Detecting port scans — flags and fan-out

Recognise scan flag signatures and count per-source port fan-out.

Overview

Two angles: classify TCP flag signatures (SYN/NULL/FIN/XMAS) and count distinct-port fan-out per source IP.

Why it matters

Combining packet-level and behavioural signals is how real scan detectors avoid both false negatives and false positives.

Lesson

Why this matters

Port scans leave two kinds of evidence: packet-level (unusual TCP flag combinations) and behavioural (one source touching many ports fast). A detector reads both.

Flag signatures (TCP flags byte, low 6 bits)

Scan Flags Hex
SYN SYN 0x02
NULL (none) 0x00
FIN FIN 0x01
XMAS FIN+PSH+URG 0x29

Normal traffic always has ACK set (e.g. a SYN-ACK is 0x12), so it never matches a scan signature.

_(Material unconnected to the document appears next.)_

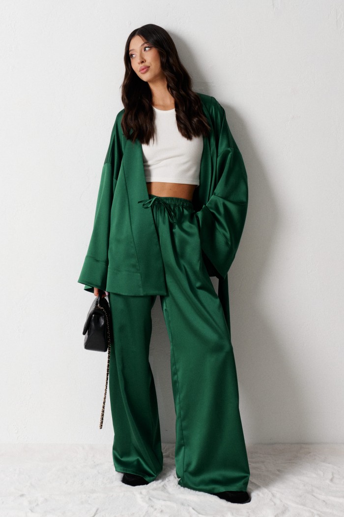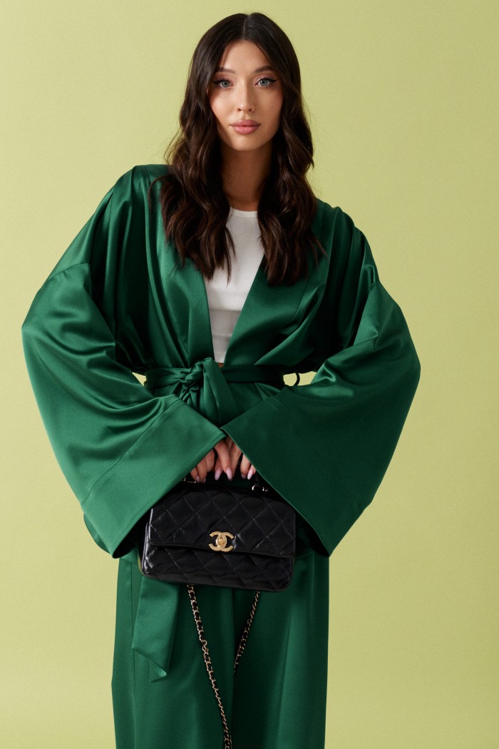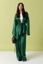 Кардиган прямого кроя выполнен из ткани изумрудного цвета.

Behavioural signature: fan-out

Tally distinct destination ports per source IP. A source over a threshold (say, >10 ports in a short window) is almost certainly scanning. Repeated hits to the same port don't count — it's the spread that matters.

Your job (two exercises)

  • tcp_scan_type(...) — classify a single header's flag byte.
  • count_scanners(...) — count source IPs whose distinct-port fan-out exceeds a threshold, from a static connection log.

What this is NOT

  • A live scanner or sniffer — all inputs are static fixtures.

Summary

Mask the flags byte to spot scan types; tally distinct ports per IP to spot fan-out.